[[ PROVIDED RECORDS, beginning ]]
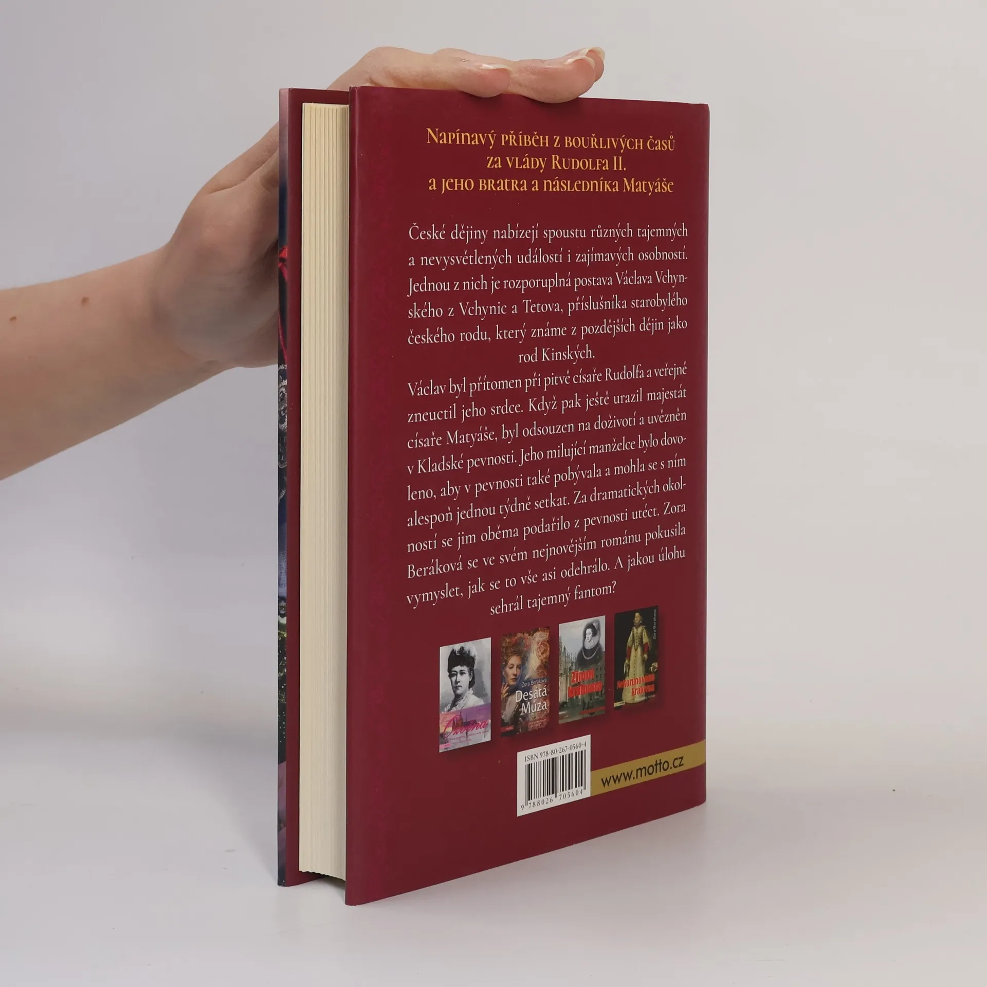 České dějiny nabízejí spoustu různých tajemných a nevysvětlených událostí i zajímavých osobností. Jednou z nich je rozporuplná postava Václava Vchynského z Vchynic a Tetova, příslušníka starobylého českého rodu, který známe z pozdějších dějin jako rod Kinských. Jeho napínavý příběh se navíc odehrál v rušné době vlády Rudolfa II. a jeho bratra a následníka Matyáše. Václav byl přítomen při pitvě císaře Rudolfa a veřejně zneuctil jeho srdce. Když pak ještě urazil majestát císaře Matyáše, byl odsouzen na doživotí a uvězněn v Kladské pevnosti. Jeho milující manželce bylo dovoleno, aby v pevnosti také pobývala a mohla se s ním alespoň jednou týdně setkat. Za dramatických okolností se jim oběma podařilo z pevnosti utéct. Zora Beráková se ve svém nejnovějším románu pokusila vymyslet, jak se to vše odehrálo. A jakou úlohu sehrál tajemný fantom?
[[ PROVIDED RECORDS, end ]]
[[ PROVIDED RECORDS, beginning ]]
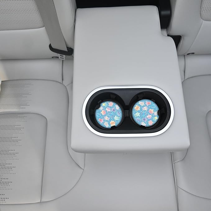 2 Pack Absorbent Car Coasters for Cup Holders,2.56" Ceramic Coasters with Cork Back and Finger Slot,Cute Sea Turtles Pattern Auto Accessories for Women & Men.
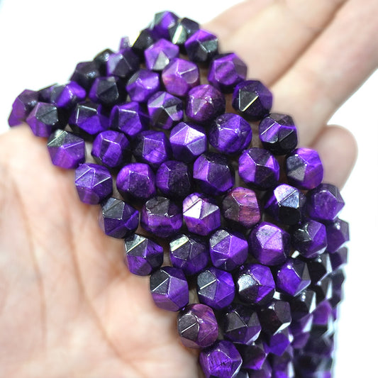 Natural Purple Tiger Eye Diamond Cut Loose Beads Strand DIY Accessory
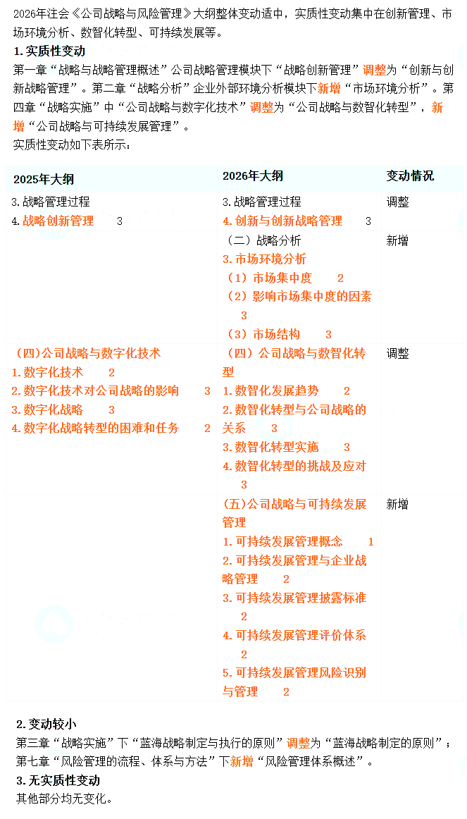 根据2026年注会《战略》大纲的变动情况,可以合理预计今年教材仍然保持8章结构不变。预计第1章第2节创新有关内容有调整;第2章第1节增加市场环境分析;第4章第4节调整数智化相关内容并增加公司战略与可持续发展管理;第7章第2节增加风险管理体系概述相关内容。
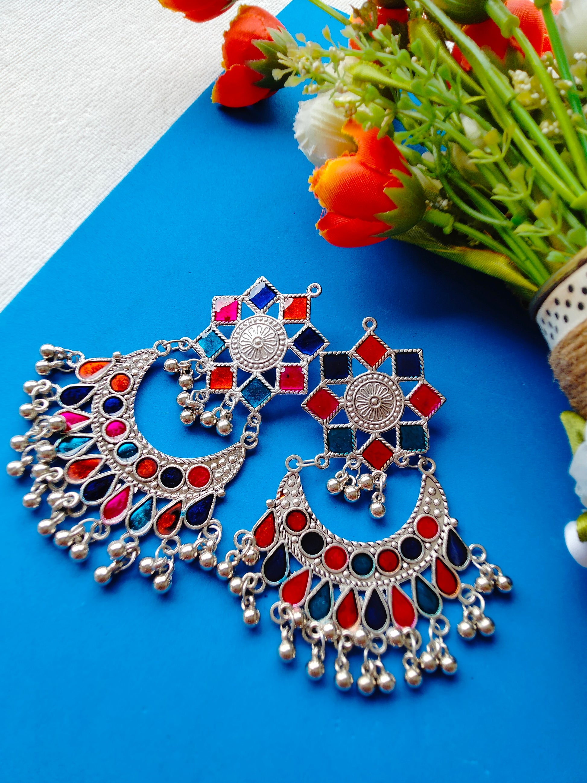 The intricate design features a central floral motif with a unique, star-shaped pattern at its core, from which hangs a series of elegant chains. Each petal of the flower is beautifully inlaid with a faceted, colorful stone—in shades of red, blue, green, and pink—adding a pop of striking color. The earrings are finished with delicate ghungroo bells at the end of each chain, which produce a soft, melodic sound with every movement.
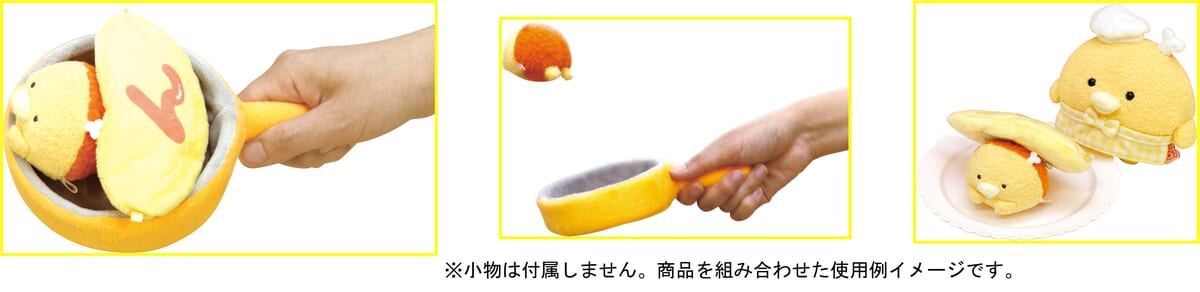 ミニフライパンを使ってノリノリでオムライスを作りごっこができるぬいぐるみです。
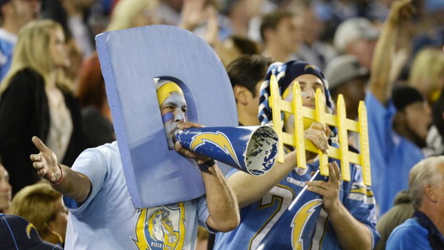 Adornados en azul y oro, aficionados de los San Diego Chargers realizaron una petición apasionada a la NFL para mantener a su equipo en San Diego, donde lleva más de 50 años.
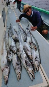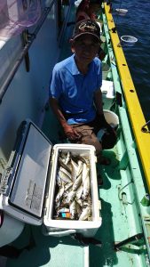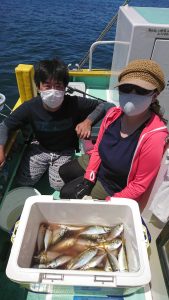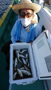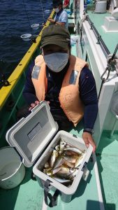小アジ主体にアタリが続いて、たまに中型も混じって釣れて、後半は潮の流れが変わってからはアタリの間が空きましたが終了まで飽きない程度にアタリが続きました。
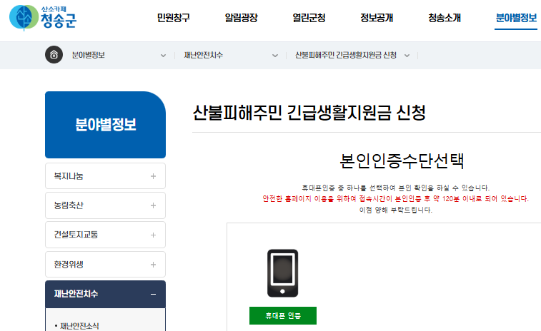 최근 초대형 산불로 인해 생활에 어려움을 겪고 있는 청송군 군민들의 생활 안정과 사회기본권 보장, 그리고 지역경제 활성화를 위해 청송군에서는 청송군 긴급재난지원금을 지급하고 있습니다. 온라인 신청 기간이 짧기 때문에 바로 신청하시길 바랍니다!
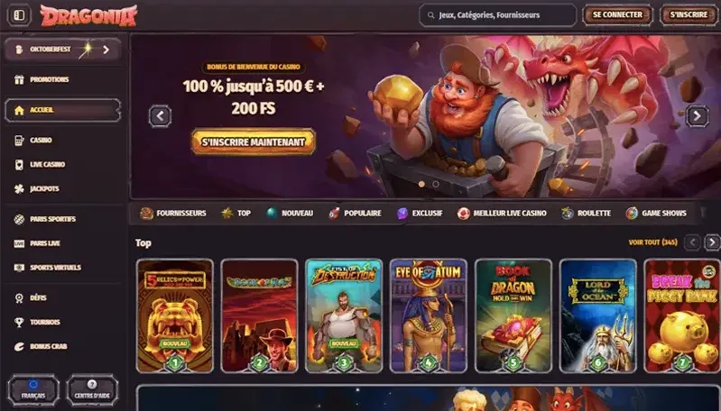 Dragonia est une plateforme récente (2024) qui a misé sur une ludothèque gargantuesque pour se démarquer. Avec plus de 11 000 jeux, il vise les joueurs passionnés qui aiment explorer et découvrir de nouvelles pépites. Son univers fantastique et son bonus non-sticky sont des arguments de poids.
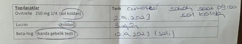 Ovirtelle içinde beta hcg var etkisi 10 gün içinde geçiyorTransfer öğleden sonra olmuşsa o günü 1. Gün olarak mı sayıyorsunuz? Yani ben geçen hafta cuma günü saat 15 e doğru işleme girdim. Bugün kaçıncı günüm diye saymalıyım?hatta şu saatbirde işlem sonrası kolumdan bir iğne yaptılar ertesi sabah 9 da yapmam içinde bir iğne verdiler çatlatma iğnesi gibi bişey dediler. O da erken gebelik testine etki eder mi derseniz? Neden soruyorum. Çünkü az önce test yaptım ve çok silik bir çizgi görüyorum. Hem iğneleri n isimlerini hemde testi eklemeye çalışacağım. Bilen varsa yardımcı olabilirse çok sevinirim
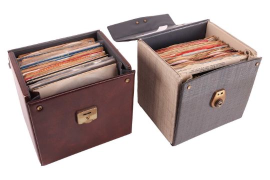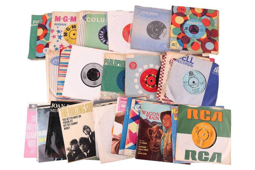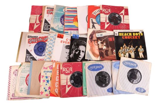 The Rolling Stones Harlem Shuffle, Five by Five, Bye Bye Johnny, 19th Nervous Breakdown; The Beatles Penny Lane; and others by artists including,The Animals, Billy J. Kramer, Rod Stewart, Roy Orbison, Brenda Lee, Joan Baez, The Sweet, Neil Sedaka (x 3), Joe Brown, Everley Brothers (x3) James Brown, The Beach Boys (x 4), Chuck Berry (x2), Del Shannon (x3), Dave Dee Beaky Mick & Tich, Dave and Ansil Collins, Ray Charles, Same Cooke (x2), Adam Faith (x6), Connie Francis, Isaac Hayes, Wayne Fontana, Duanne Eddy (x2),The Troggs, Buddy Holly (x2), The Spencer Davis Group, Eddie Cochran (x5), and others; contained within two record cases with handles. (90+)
[[ PROVIDED RECORDS, end ]]
[[ PROVIDED RECORDS, beginning ]]
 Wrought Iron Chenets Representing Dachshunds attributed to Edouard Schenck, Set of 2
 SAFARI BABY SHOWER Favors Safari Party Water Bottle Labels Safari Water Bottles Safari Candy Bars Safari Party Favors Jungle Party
[[ PROVIDED RECORDS, end ]]
Give back exactly, and solely, the section of the data above bounded by the line containing "Ovirtelle içinde beta" and the line containing "The Rolling Stones", both bounding lines included and pictures omitted.

▶ **SOLUTION BELOW**
 Ovirtelle içinde beta hcg var etkisi 10 gün içinde geçiyorTransfer öğleden sonra olmuşsa o günü 1. Gün olarak mı sayıyorsunuz? Yani ben geçen hafta cuma günü saat 15 e doğru işleme girdim. Bugün kaçıncı günüm diye saymalıyım?hatta şu saatbirde işlem sonrası kolumdan bir iğne yaptılar ertesi sabah 9 da yapmam içinde bir iğne verdiler çatlatma iğnesi gibi bişey dediler. O da erken gebelik testine etki eder mi derseniz? Neden soruyorum. Çünkü az önce test yaptım ve çok silik bir çizgi görüyorum. Hem iğneleri n isimlerini hemde testi eklemeye çalışacağım. Bilen varsa yardımcı olabilirse çok sevinirim
 The Rolling Stones Harlem Shuffle, Five by Five, Bye Bye Johnny, 19th Nervous Breakdown; The Beatles Penny Lane; and others by artists including,The Animals, Billy J. Kramer, Rod Stewart, Roy Orbison, Brenda Lee, Joan Baez, The Sweet, Neil Sedaka (x 3), Joe Brown, Everley Brothers (x3) James Brown, The Beach Boys (x 4), Chuck Berry (x2), Del Shannon (x3), Dave Dee Beaky Mick & Tich, Dave and Ansil Collins, Ray Charles, Same Cooke (x2), Adam Faith (x6), Connie Francis, Isaac Hayes, Wayne Fontana, Duanne Eddy (x2),The Troggs, Buddy Holly (x2), The Spencer Davis Group, Eddie Cochran (x5), and others; contained within two record cases with handles. (90+)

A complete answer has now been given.